We still see death everywhere. We still find death in ourselves, in our times of sadness and loss.
But in Jesus Christ death no longer has the same hue. It was once utterly dark. For the world still, no matter how we may try to paint it or mask it, death is darkness, cold, permanent and unforgiving. But for us in Christ, death is much more like the light outdoors just before dawn. If you look close enough, you can already begin to see the first rays of light. In Christ, there’s even a little sweetness in death, perhaps even peace and joy.
We no longer need to fear death. What was meant to be our annihilation has now been turned into our transformation.
VI. The welsh poet, George Herbert, once wrote: “And in his blessing thou art blest: For where thou [death] onely wert before an executioner at best; Thou art a gard’ner now, and more, an usher to convey our souls beyond the utmost starres and poles.”
Perhaps nothing says this as well as the Luna moth.

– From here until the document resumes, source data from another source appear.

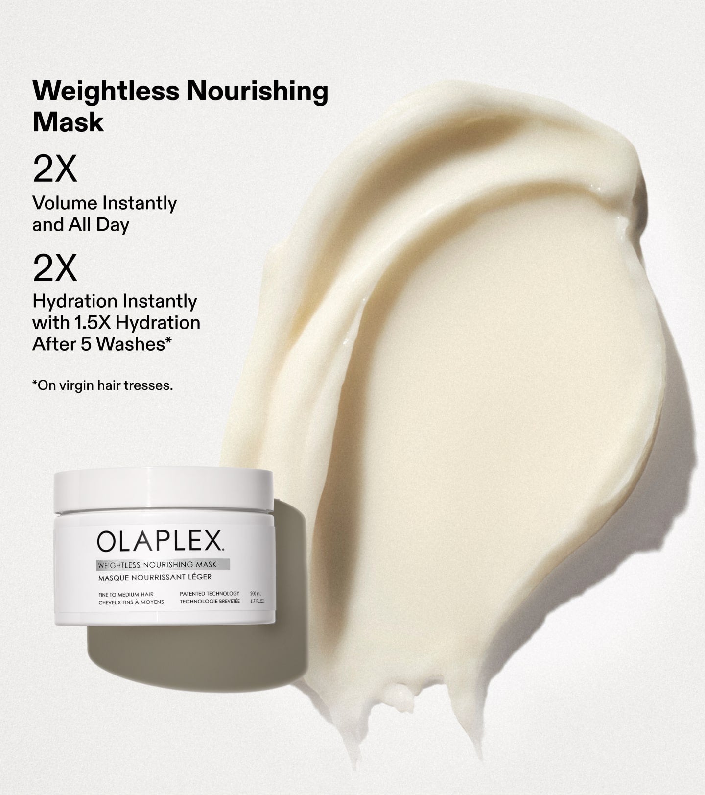 Los resultados pueden variar. Resultados obtenidos tras lavar el cabello con el N°.4FINE, aplicar la Weightless Nourishing Mask y peinar con el N°.6 y el OLAPLEX N°.7.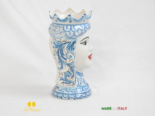 Testa di Moro in Ceramica di Caltagirone Donna bianco blu antico 26cm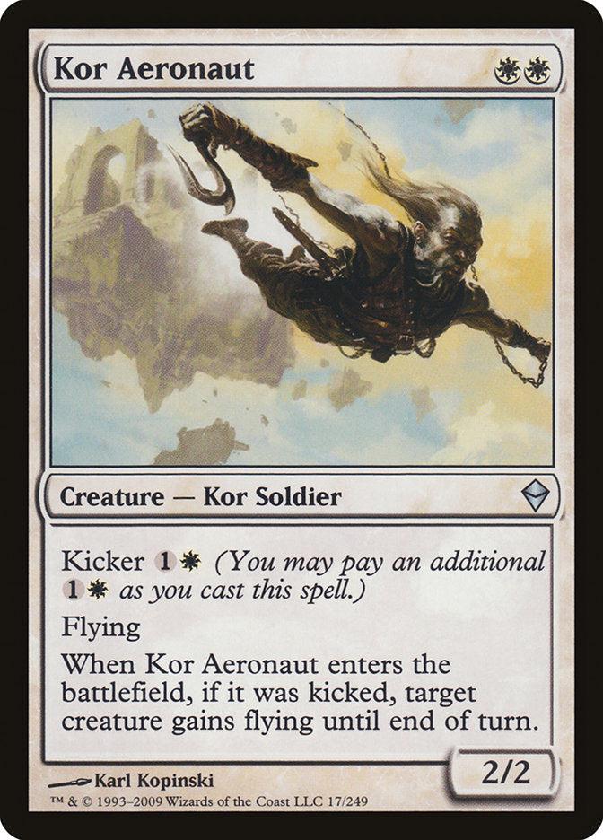 When Kor Aeronaut enters the battlefield, if it was kicked, target creature gains flying until end of turn.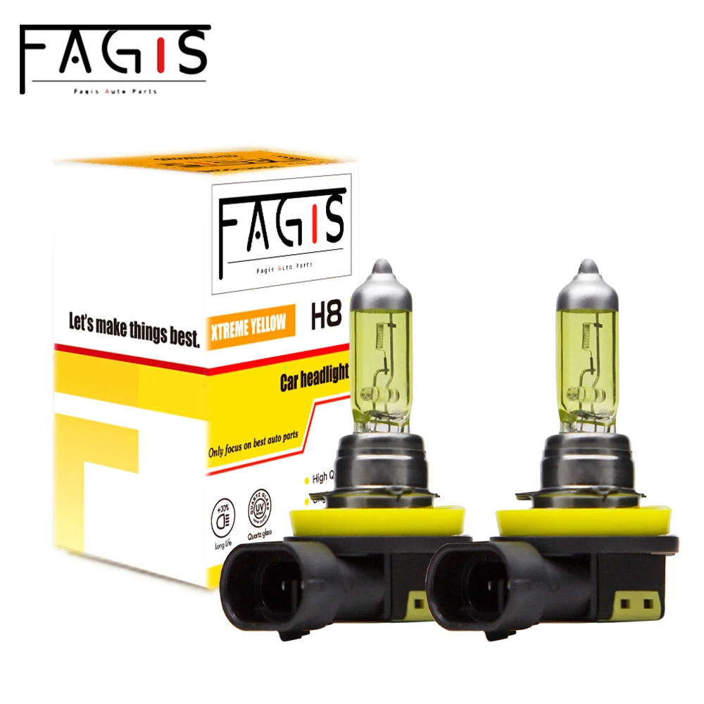 Fagis 2 Pcs H8 12V 35W Yellow Lights Car Headlight Auto Fog Lamps Halogen Bulbs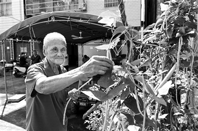 5月21日,记者一行驱车前往廉江市良垌镇崇山村三队。尚未下车,便瞧见百岁老人肖保春在门前椅子上小憩,其身后种植着鱼腥草、豆叶、玫瑰花等植物,一片绿意盎然。

It begins as a very ugly larva. It’s fat, covered in sharp hairs, and slugs across the trees. At the right time, the larva boroughs into a cocoon. Nothing could look more like death. A week goes by, and then another or two. The rain pours, the wind blows, and any onlooker would think it was finished. But then out from that cocoon comes the Luna moth, one of the most beautiful wonders in nature. Its wings spread out from three to five inches and it shines a translucent green and purple tint. The Luna has enchanted Americans for generations, just maybe, because it strikes at a truth at the heart of life.
VII. Death is ugly.
Sin, hate, violence and depression…all of these are ugly. You can’t avoid them. You can’t get through life without rubbing shoulders with them or falling head on. Neither can we just put a smile on our faces. We must not pretend that everything is okay or all just part of the cycle of life. It is ugly. It is wrong. This is all the more urgent in a time when so little is stable. The wars, disease, and natural disasters that plague us, the crises in the State, in our city, and in our own homes…these are real. But in Jesus Christ we have a hope, which nothing can take away. It is a hope, not in wishful thinking but grounded deep in the core of who we are.
We rest in His hope. There, nestled in the love of God, we will find peace.
In the Name of the Father, and of the Son, and of the Holy Ghost. Amen.